Combined Use of Transjugular Intrahepatic Portosystemic Shunt and Transarterial Chemoembolization in the Treatment of Esophageal and Gastric Variceal Bleeding: A Retrospective Study of 80 Patients with Hepatocellular Carcinoma and Portal Hypertension.

机构信息

Department of Interventional Oncology, The First Affiliated Hospital of Sun Yat-Sen University, Guangzhou, Guangdong, China (mainland).

出版信息

Med Sci Monit. 2021 Nov 29;27:e934436. doi: 10.12659/MSM.934436.

Abstract

BACKGROUND The main cause of death in patients with hepatocellular carcinoma (HCC) with portal hypertension is esophageal and gastric variceal bleeding caused by severe portal hypertension; therefore, the treatment of portal hypertension is particularly important to prolong the survival of patients. The therapeutic efficacy and safety of transarterial chemoembolization (TACE) combined with a transjugular intrahepatic portosystemic shunt (TIPS) for HCC with esophageal and gastric variceal bleeding has been rarely reported. The aim of this study was to analyze the clinical efficacy of TIPS combined with TACE in the treatment of HCC with esophageal and gastric variceal bleeding. MATERIAL AND METHODS A total of 80 patients with HCC with esophageal and gastric variceal bleeding from July 2015 to November 2019 were retrospectively investigated.
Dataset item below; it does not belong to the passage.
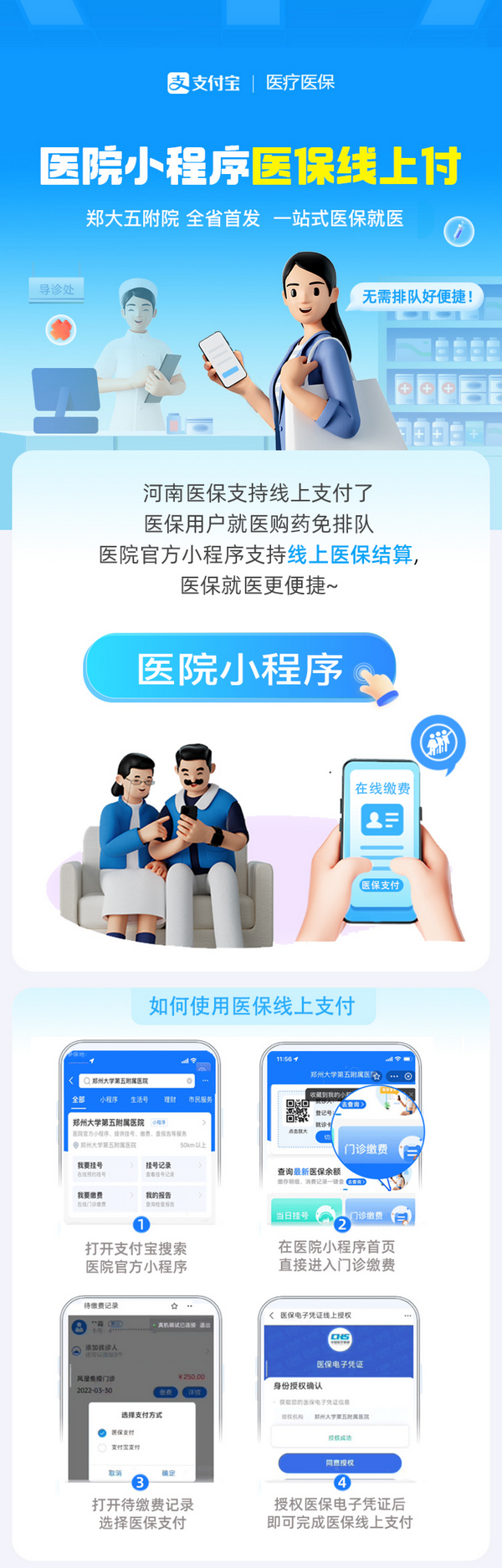 此前,市职工参保人员必须持实体医保卡或医保电子凭证,到医院收费窗口才能刷医保购药、检查缴费。如今,门诊就医后待缴费的患者,无需再去收费窗口排队,仅凭一部手机,在支付宝小程序搜索“郑州大学第五附属医院”点击门诊缴费,支付时选择医保支付,系统就会自动跳转到医保电子凭证授权页面,按照提示点击一键支付,线上医保结算即可完成。

Clinical outcomes, biochemical indexes, and complications were compared between TIPS plus TACE and endoscopy plus TACE treatments. RESULTS Gastrointestinal rebleeding and adverse reactions (P<0.05) after TIPS combined with TACE were lower than that after endoscopy combined with TACE treatment. Furthermore, TIPS plus TACE had superior clinical outcomes than endoscopy plus TACE, which was associated with promising progression-free survival, overall survival, objective response rate, and disease control rate, and improved liver function. CONCLUSIONS TIPS combined with TACE was better than endoscopy combined with TACE in the treatment of patients with HCC and esophageal and gastric variceal bleeding. TIPS combined with TACE had a better therapeutic effect on improving liver function and prolonging patient survival time.

摘要

背景

肝细胞癌(HCC)合并门静脉高压症患者的主要死亡原因是严重门静脉高压导致的食管胃静脉曲张破裂出血,因此,门静脉高压症的治疗对于延长患者的生存时间尤为重要。经颈静脉肝内门体分流术(TIPS)联合肝动脉化疗栓塞术(TACE)治疗合并食管胃静脉曲张出血的 HCC 的疗效和安全性鲜有报道。本研究旨在分析 TIPS 联合 TACE 治疗 HCC 合并食管胃静脉曲张出血的临床疗效。

材料与方法

回顾性分析 2015 年 7 月至 2019 年 11 月间收治的 80 例 HCC 合并食管胃静脉曲张出血患者,比较 TIPS 联合 TACE 与内镜联合 TACE 治疗的临床结局、生化指标和并发症。

结果

TIPS 联合 TACE 后再出血和不良反应(P<0.05)的发生率低于内镜联合 TACE 组。此外,TIPS 联合 TACE 的临床结局优于内镜联合 TACE,与无进展生存、总生存、客观缓解率和疾病控制率较高以及肝功能改善相关。

结论

TIPS 联合 TACE 治疗 HCC 合并食管胃静脉曲张出血优于内镜联合 TACE。TIPS 联合 TACE 在改善肝功能和延长患者生存时间方面具有更好的治疗效果。